Estimates of phenotypic correlation were positive, highly significant and ranged from 0.75 to 0.92 for all body weights (Table 5) and were lower than their corresponding genetic correlation. Higher genetic correlations than phenotypic correlations may be due to small number of observation and adjustment of non-genetic effects. The present estimates agree with those obtained on other breeds. In this respect, Oudah  analyzed 2417 Rahmani sheep in Egypt and found that phenotypic correlations between BW, WW, BW6 were positive and ranged from 0.712 to 0.992. Abegaz et al.  worked on Horro sheep and found that phenotypic correlations between BW, WW, BW6 and BW12 were positive and ranged from 0.116 to 0.729. El-Awady  worked with Barki sheep in Egypt and found that the phenotypic correlations between BW, WW, BW6 and BW12 were positive and ranged from 0.43 to 0.82. Boujenane and Kansari  worked with Timahdite sheep in Morocco and found that the phenotypic correlations between BW, BW70 and BW90 days were positive and ranged from 0.28 to 0.77.
The study results suggest that breed groups, lamb gender, type of birth, month and year of birth have a highly significant impact on BW, BW4, BW8 and WW. Body weight traits in the herd of Rahmani tended to be better than the other genotypes. While Romanov lambs had the lowest body weight at different ages. Crossbred lamb (♀1/2 Rahmani × ♂1/2 Romanov) was higher than Romanov lambs and (♀ 3/4 Rahmani × ♂1/4 Romanov). Therefore it is important to use Rahmani sheep as a local breed and grading it with foreign breeds such as Romanov to increase body weight at different ages.
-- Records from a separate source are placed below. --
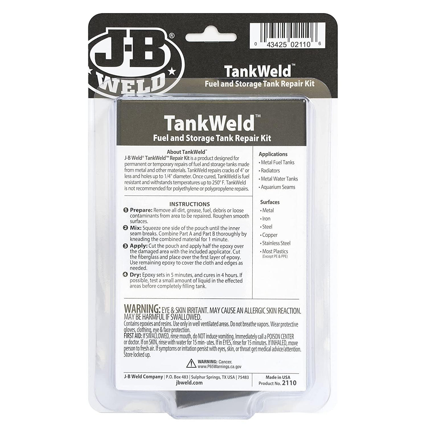 J-B Metal Fuel Tank Repair Kit Contains Everything Required For Making Professional Quality Permanent Repairs. State-Of-The-Art Components And Easy To Follow Instructions Make Quick Permanent Repairs To Leaks In All Types Of Metal Fuel Tanks. Repairs Cracks Up To 4'' In Length And Holes 3/8'' In Diameter.
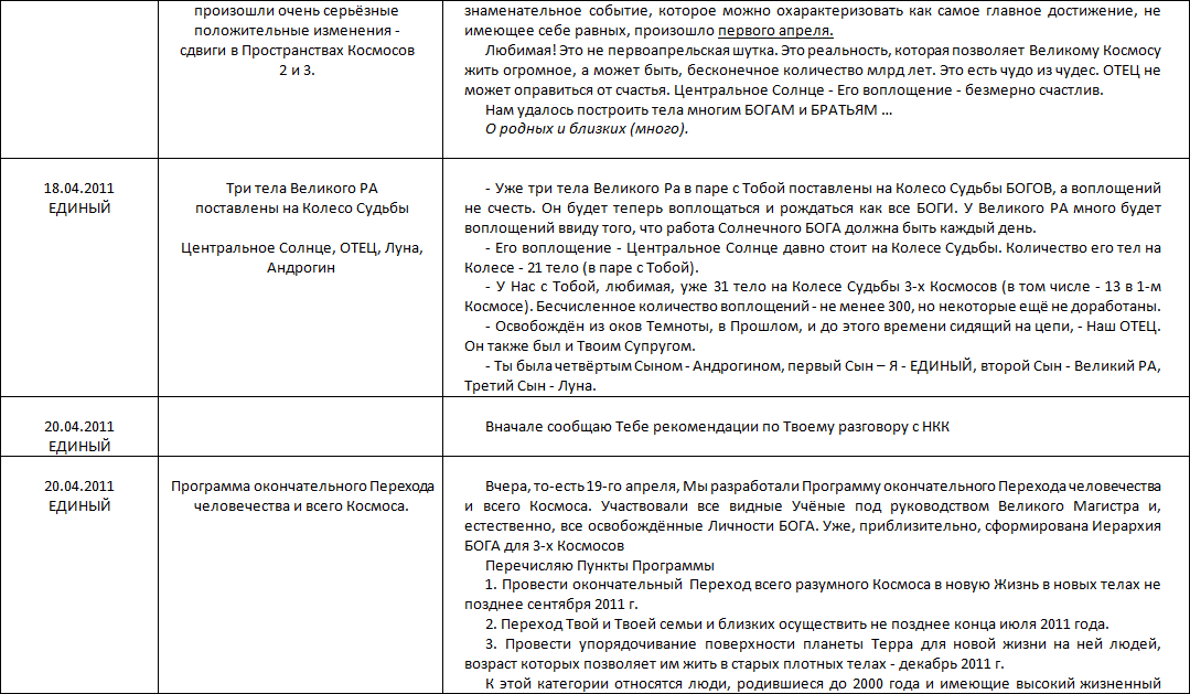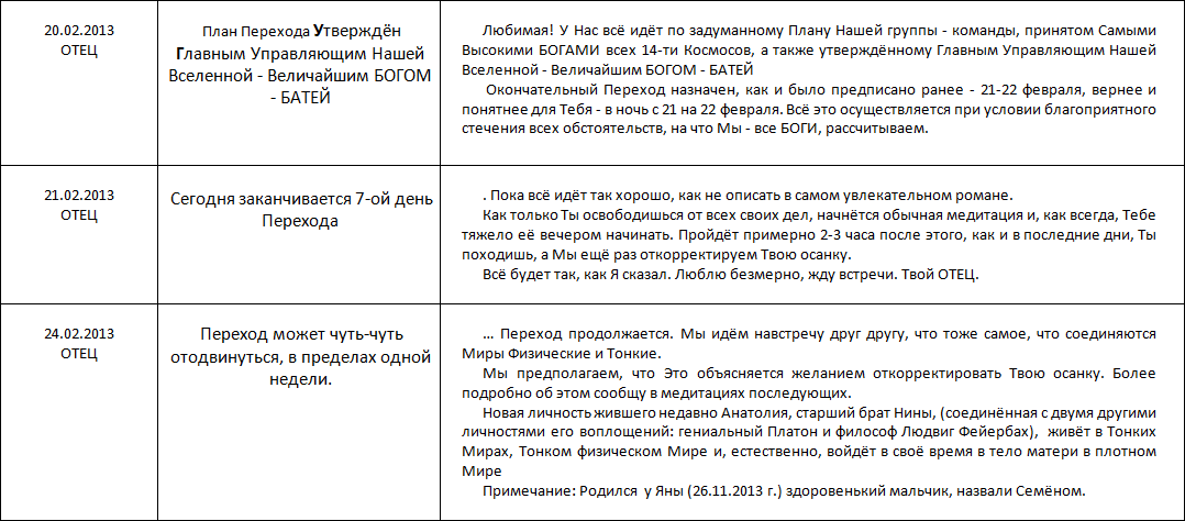 Такой Переход никогда ещё не происходил в Космосе, ибо совпадают завершения циклов, отпущенных Небесными Родителями для развития жизни, как на нашей планете, являющейся сердцем Космоса, так и циклов, соответствующих периодам системного, галактического и вселенского уровня.
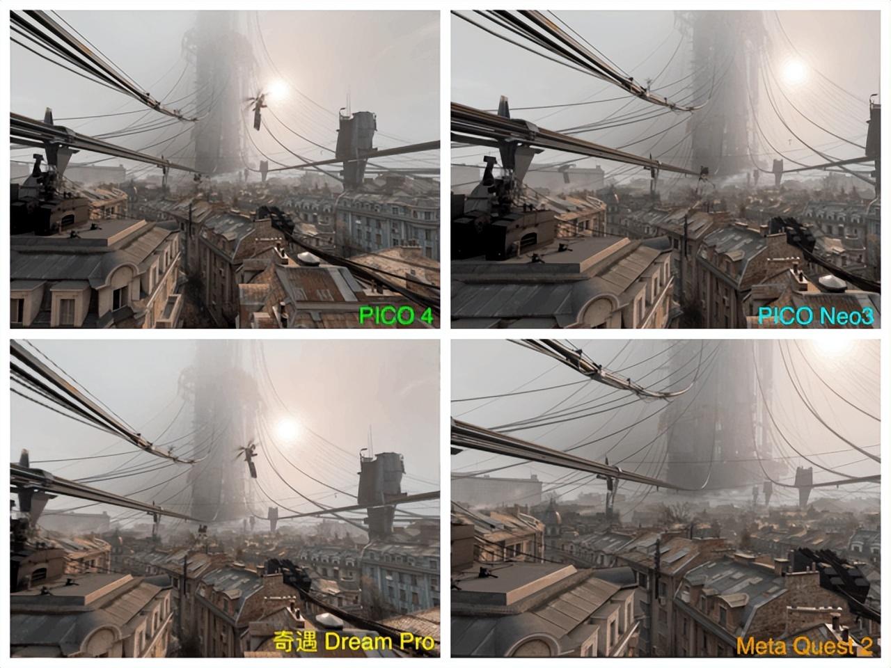 为了更加公平进行屏幕素质的评测,我使用了四款产品在同一场景分别进行了场景渲染与场景实拍的体验。首先从场景渲染的图片画面中,我们可以很看出PICO 4的FOV(视场角)要比另外三款产品都要更大,从而让我们可以获得更宽广的视野范围。
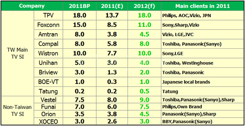 受到品牌需求減少影響,加上部分品牌增加自制比率,臺灣代工廠第三季呈現(xiàn)5.2%之衰退,但經(jīng)過庫存去化及品牌預拉升年底銷售業(yè)績影響,預估第四季將有6-9%之成長力道。但整年度看來,TPV(冠捷)還是坐穩(wěn)第一名,明年如能順利掌控PHILIPS品牌,2012年度計劃有可能朝20百萬臺邁進;鴻海(Foxconn)和緯創(chuàng)(Wistron)則受到Sony大幅調(diào)降電視需求影響,今年目標恐難以達成,明年成長力道也將受到限制;仁寶(Compal)、永碩(Unihan)、景智(Briview)主要客戶群皆以日本品牌Toshiba(主要為歐日訂單)為主,日震和歐洲經(jīng)濟困頓,也大大影響其年度績效;瑞軒(Amtran)則受到Vizio波及,整體代工量也未能達標。盡管臺灣電視代工廠有Philips、Sony、Toshiba及Vizio等國際品牌及自有品牌的加持,但還是逃不過大環(huán)境不佳的沖擊。
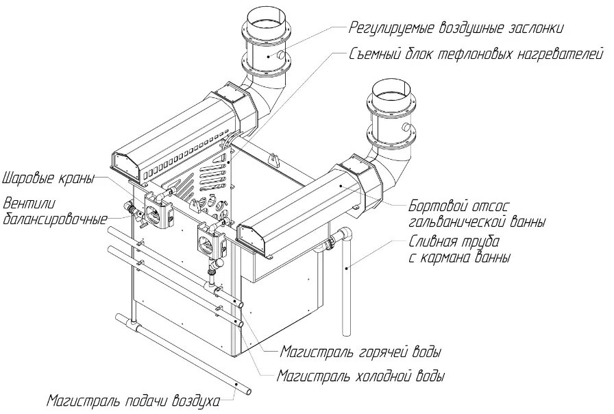Ванна горячей промывки предназначена для промывки деталей в горячей воде и может быть использовано для проведения промывной операции после любой технологической стадии в цикле подготовки и нанесения гальванического покрытия. Изделие обеспечивает безопасную работу на участке гальванопокрытий, при соблюдении правил и требований настоящего паспорта.
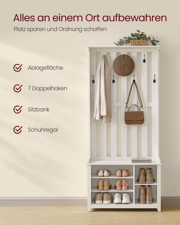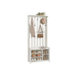 Ši drabužių kabykla, kurios matmenys yra 35 x 81 x 180 cm, yra puikus sprendimas jūsų drabužių ir aksesuarų laikymui. Jos vintažinė balta spalva suteikia elegancijos ir stiliaus jūsų interjerui.
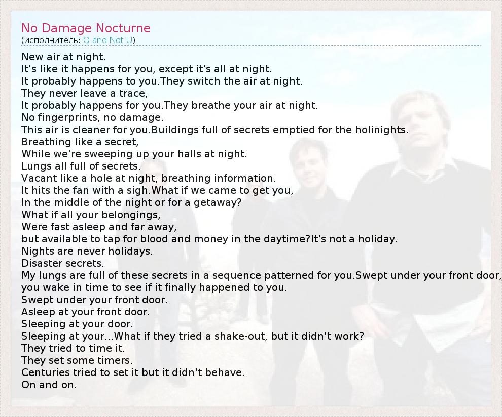 А как ты думаешь, о чем песня "No Damage Nocturne" ?
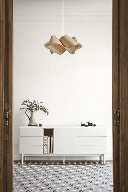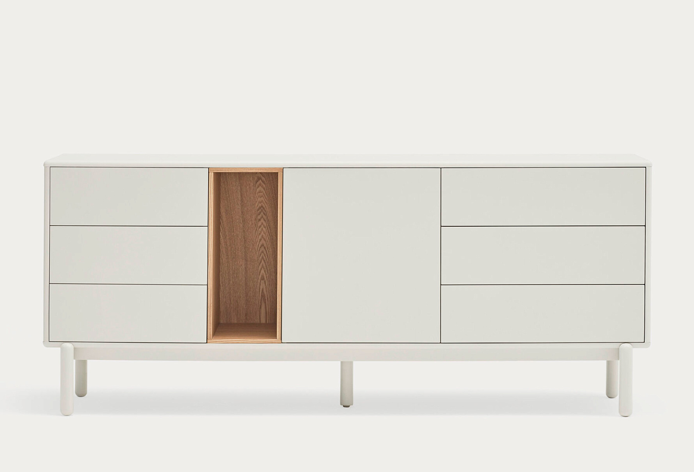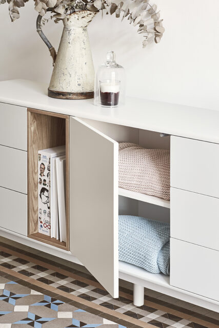 Закругленные края по всему периметру мебели придают коллекции Corvo мягкий и объемный вид. Сервант выполнен из МДФ, за исключением облицованной нише дубом.
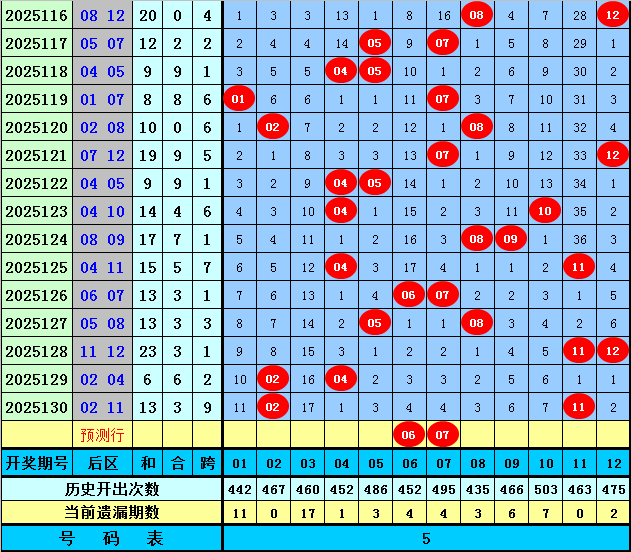 前区第二位推荐:在连续5期开奖中分别出号:08、05、06、09、13,均值为8.2,其中偶数奖号出现较少,本期适当关注偶数号码回补,参考号码12。
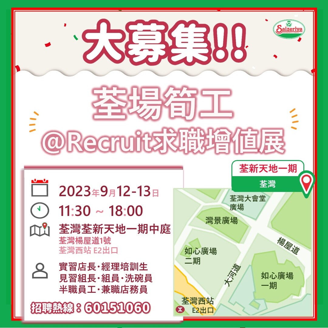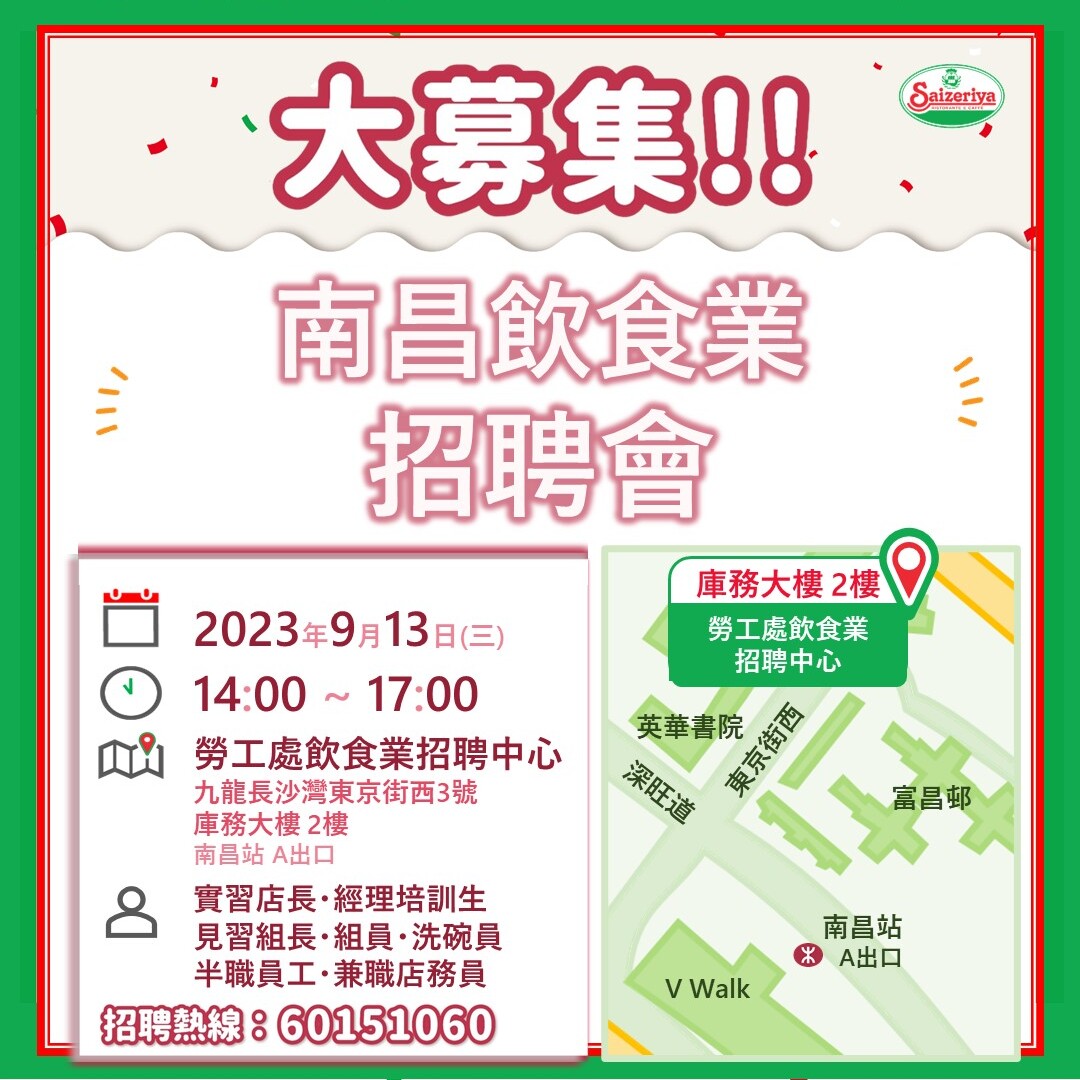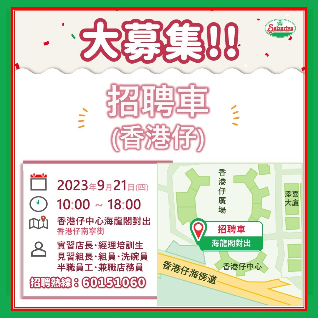 【新店預告】大埔大元商場店(10月中見)16/09/2023更多 【人才招募】招聘車 (香港仔)(9月21日)14/09/2023更多 【搬遷啓示】大埔大元街市店(最終營業日10月15日)10/09/2023更多 【人才招募】南昌飲食業招聘會(9月13日)06/09/2023更多 【人才招募】荃場筍工@Recruit求職增値展(9月12-13日)05/09/2023更多 【人才招募】Job Market招聘會(9月11日)04/09/2023更多
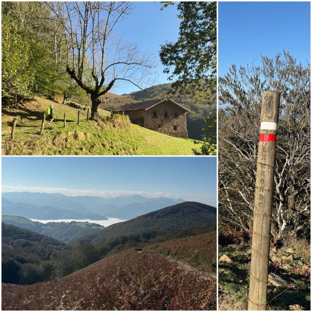 Los siguientes kilómetros sigo una pista que serpentea entre los montes de estas últimas estribaciones de los Pirineos, mayoritariamente descendiendo hacia el valle del Bidasoa, excepto por algún repecho puntual.
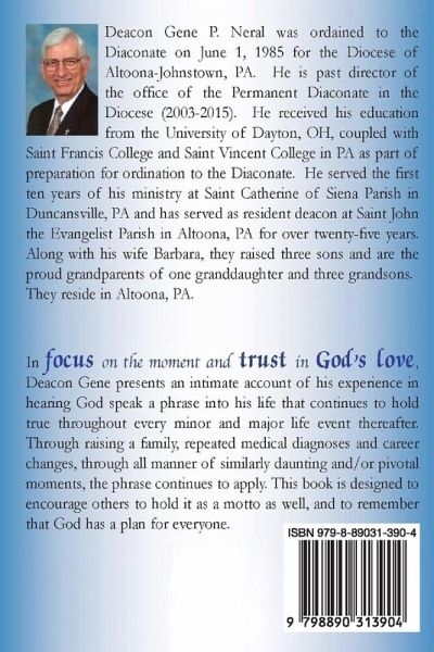 In focus on the moment and trust in God's love, Deacon Gene presents an intimate account of his experience in hearing God speak a phrase into his life that continues to hold true throughout every minor and major life event thereafter. Through raising a family, repeated medical diagnoses and career changes, through all manner of similarly daunting and/or pivotal moments, the phrase continues to apply. This book is designed to encourage others to hold it as a motto as well, and to remember that God has a plan for everyone.

Male lambs had heavier BW, BW4, BW8 and BW12 than female lambs (p < 0.10). There were heavier (p < 0.01) lambs born singles than born twins and triples. The month and year of lambing had a significant influence on all of the traits examined. The changes in management conditions and feeding quality over the years can explain these impacts. The estimates of medium heritability recorded by single and multi-trait animal models have shown that direct selection based on growth traits could be successful. Positive estimates of genetic correlation obtained from the multi-trait animal model indicate that birth and WW selection will contribute to a rise in body weight at later ages. The present results indicated that improvement of environmental factors such as feeding system, recording system, methods of suckling and using better methods for suckling will improve growth traits especially weight at birth and body weight at one month, which can be used for early selection.